Most secretory and transmembrane proteins fold and mature in the endoplasmic reticulum (ER). The flux of proteins entering the ER is dynamic and regulated. In demanding states, the protein load in the ER is increased and must be met by the organelle folding capacity. Adaptation to the load requires quality control mechanisms which monitor the levels of unfolded proteins and prevent their accumulation for risks of aggregation. Once these quality control mechanisms are compromised, or when cells undergo an insult that changes the physiology of the secretory pathway, such as viral infection or in response to hypoxia [9,10], the balance between folded and unfolded proteins in the ER is tipped, resulting in the accumulation of misfolded proteins, a state referred to as ER stress.
Eukaryotic cells respond to ER stress by activating a signaling pathway coined the Unfolded Protein Response (UPR). The UPR is a collection of signaling pathways which can resolve ER stress by integrating mRNA translation control with the regulation of gene transcription. If ER stress persists despite the activation of these feedback, the UPR will initiate apoptosis [4]. In mammalian cells the UPR is comprised of three major branches: inositol requiring enzyme 1 (IRE1); double-stranded RNA-activated protein kinase (PKR)- like ER kinase (PERK) and activating transcription factor 6 (ATF6), each termed after the ER-transmembrane sensors which gauge the levels of misfolded proteins in the ER lumen and consequently activate their respective downstream signaling cascades. Briefly, upon ER stress, the ATF6 transmembrane sensor travels from the ER to the Golgi, where it is cleaved in a manner that liberates the N-terminus domain of ATF6 (ATF6(N)). ATF6(N) translocates to the nucleus and functions as a transcription factor. PERK is activated by oligomerization, and once activated, phosphorylates the translation initiation factor eIF2α. This reduces translation initiation, leading to a global decrease in protein synthesis. Paradoxically, eIF2α phosphorylation increases synthesis of select transcripts some of which contain short overlapping open reading frames in their 5′UTR, such as ATF4, a transcription factor that coordinates transcription of genes that determine cell fate following ER stress [5]. The third UPR sensor, IRE1, is kinase and endonuclease. Once activated it splices the mRNA of the transcription factor XBP1, excising a 26-nucleotide intron. This non-canonical splicing causes a shift in the reading frame, yielding the spliced form of XBP1 (XBP1s) [11,12]. XBP1s is a highly potent transcription factor that promotes the level of a large variety of ER chaperones and induces expansion of the ER [13].
In addition to its roles in development and cell function, the UPR modulates prominent diseases, such as diabetes, liver steatosis, inflammatory bowel disease, cancers and more [14,15,16,17]. A role for the ER stress in rheumatoid arthritis was initially suggested [18,19]. However, the involvement of the UPR in RA patients has turned out to be much more general with important contributions to disease initiation, progression, and response to therapy [20,21].
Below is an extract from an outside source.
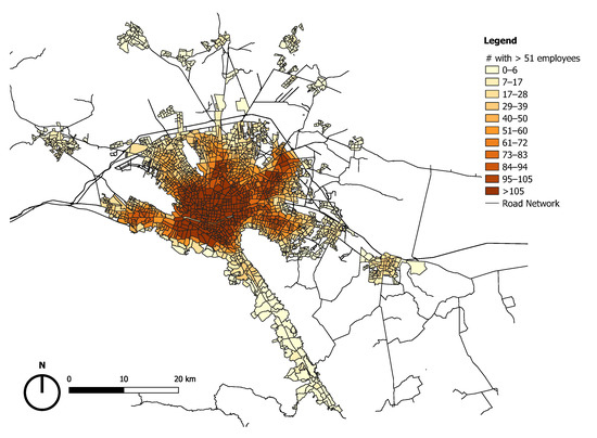 Figure 9 shows the number of economic activities that employ 51 persons or more (main employment centres) that can be accessed within a 15 min travel time by bicycle. It can be appreciated that most of the AGEBs with higher levels of accessibility (+73 destinations) are located in the central areas of the city, with a gradual decline towards the outskirts. At first sight, such a result might be perceived as unusual, considering that the MMZ is an industrial city and that most industries are located in suburban areas. Nevertheless, industries usually have very large complexes that occupy vast areas of land and make them separate from one another, reducing access to them in short periods. In contrast, even though they are smaller in size and number of employees, the economic activities that concentrate in central areas of the city (such as commerce and services) require smaller areas of land compared to industries and are located closer to each other.

The cellular program controlled by PERK in mouse embryonic fibroblasts (MEFs), represent in normal cells, is widespread and includes many downstream genes regulated by multiple mechanisms [22]. However, PERK affects its targets in a cell type and physiological context-dependent manner [23]. For instance, PERK has been found to be essential to the progression of BRAF-mutated melanoma, less of non- BRAF mutated tumors [24]. PERK regulates cellular redox by directly phosphorylating and activating NRF2 [25,26]. PERK interphases with the circadian oscillations by induction of miRNA that represses major circadian genes in a manner that affects Burkitt lymphoma progression [27]. Hence, it is not surprising that multiple pharmaceutical companies developed high affinity inhibitors of PERK. Glaxo Smith Kline developed GSK2606414 (GSK414); Amgen developed AMG PERK 44; Eli Lilly developed Ly4. In our laboratory we developed specific inhibitors for PERK treatment in neurodegenerative disorders including glaucoma (termed PERKi) [28,29,30,31]. The intricacies of the transcription and translation program controlled by PERK invites research in different tissue types and in combinations with other drugs to assess its role as an efficacious therapeutic target.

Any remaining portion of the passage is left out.